The old and new letters, homilies, recollections, poems, testaments and meditations gathered by Wylie-Kellerman are both a literary treasure and a call to each reader to examine how well or ill they are using their gifts to increase peace and decrease violence.

Detroit Catholic Worker member Kateri Boucher writes in the book's afterword:

Beyond his biblical analysis, learning about Dan's own life has become for me a gospel study in and of itself. The way he practiced the works of mercy through hospice care, accompanying folks with AIDS, and visiting the imprisoned (sometimes in close quarters). His commitment to grounding in solitude and growing in community. Not to mention his many playful and prophetic pranks pulled on the state. As I navigate my own relationship with Christianity, I've been deeply moved by the way he read the Gospels with "life and death seriousness." But honestly? I've been just as moved by how much joy he brought to the whole thing: a reminder not to take myself too seriously, even amidst the struggle. I am one of many who has been "formed and transformed by immersion in his witness."

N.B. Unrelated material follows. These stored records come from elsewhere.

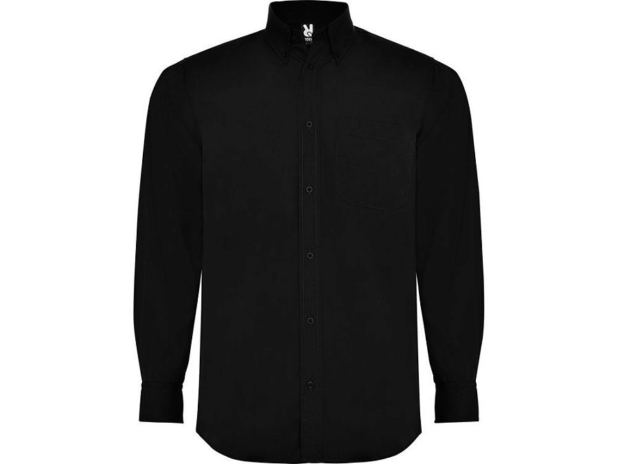 Рубашка мужская с длинным рукавом на семи пуговицах. Накладной карман на груди слева, закругленный низ изделия. Уголки воротника продублированы пуговицами.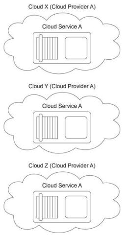 1. Redundant implementations of Cloud Service A are deployed in all three clouds. The failover system mechanism and a special type of automated scaling listener mechanism are implemented to establish a system whereby one redundant Cloud Service A implementation will automatically take over from another.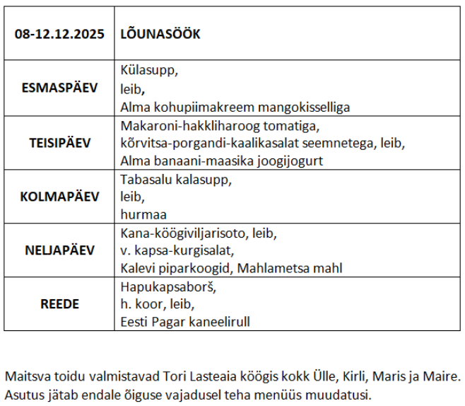Sellel õppeaastal ei ole meil võimekust pakkuda hommikuputru ja koolieinet. Palun kõigil hommikul kodus kõht täis süüa ja vajadusel väike amps koolikotti pista.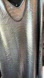 Shimmering metallic sleeveless dress with a sleek design. Perfect for evening wear. Can be dressed up for work or dressed down with jeans for festival or special event.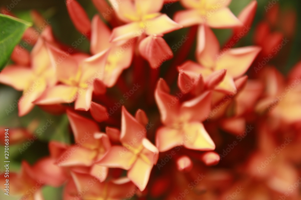 Macro closeup shot of a group of orange indian Ixora flowers, Other common names include viruchi, rangan, kheme, ponna, chann tanea, techi, pan, siantan, jarum-jarum/jejarum, jungle flame, jungle gera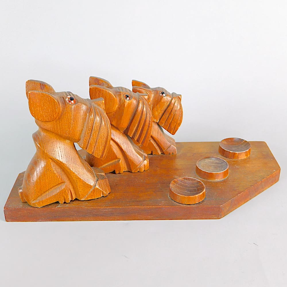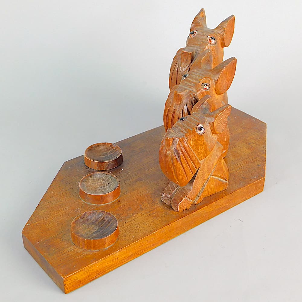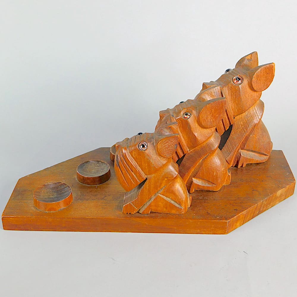 Large French Art Deco hand carved Ric (Pol Rab) wooden paperweight desk stand. Or possibly a smokers pipe stand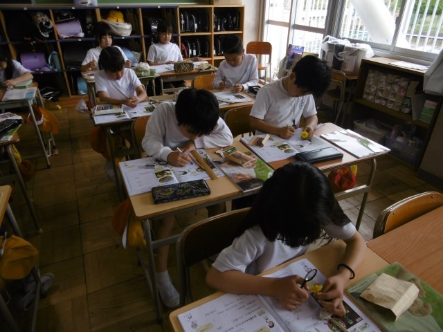 理科では、校庭の植物を観察しました。ルーペを使って茎のふさふさした部分を見つけたり、定規で大きさを測ったりと、発見したことをノートに記録することができました。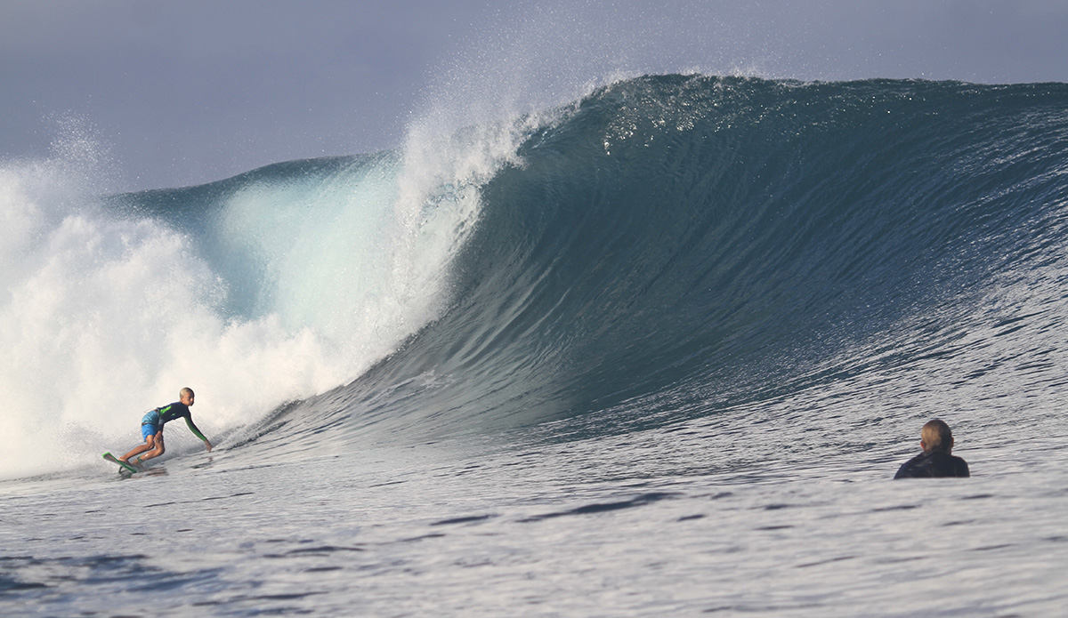 On my first day, I woke up to a pumping Lakey Peak. It’s a sick wave–a perfect peak with a long left and two barreling sections at low tide. The right is kind of like an easier version of Backdoor, if there even is such a thing. At high tide, it becomes an incredible performance wave, like Trestles on steroids. We surfed our brains out that first morning, came in and had breakfast at Fatmahs, then went and surfed Periscopes in the afternoon. This became our routine for the next two weeks.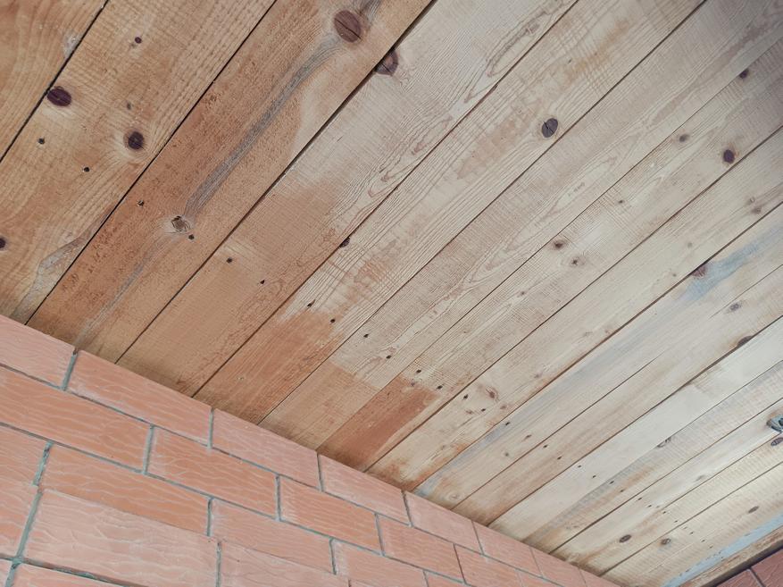 Изначально планировалось закрыть эту часть потолка декоративным покрытием, поэтому доски дополнительно не обрабатывались, но затем мне пришла в голову идея просто покрыть их маслом, а для этого, соответственно, теперь придется повозиться.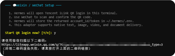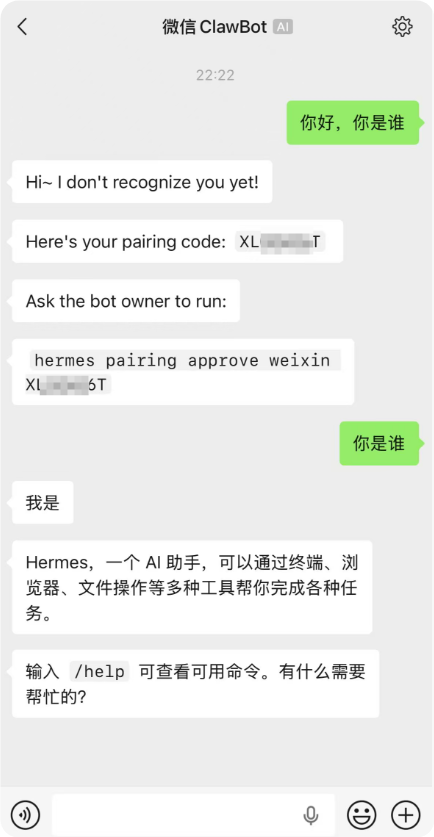 - 到此已经安装完成了,再回到微信,需要配对一下,这个和小龙虾一样,在命令行中输入匹配命令,之后就可以微信控制Hermes了。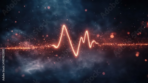 A futuristic digital heartbeat waveform made of soft glowing particles floating in a dark misty environment deep

As I inched through the pages of Wylie-Kellermann's singular work, I was stirred once again from reading many of Berrigan's 40-plus books. Isn't it time to make the necessary moves to have the Catholic Church to canonize him into sainthood? It's all there, from his deep spirituality that kept him faithful to his ordination vows to his costly risk-taking defiance of America's sickening militarism.

Berrigan's contributions are easily the match of many of the saints who have won their haloes: Benedict of Nursia, Patrick, Thomas Aquinas, Catherine of Sienna, Teresa of Avila, Bartholomew, Anthony of Padua, Joan of Arc, Dominic and lately John Paul II. Can any of these come anywhere close to holding a candle to Berrigan? Even an altar candle? I think not.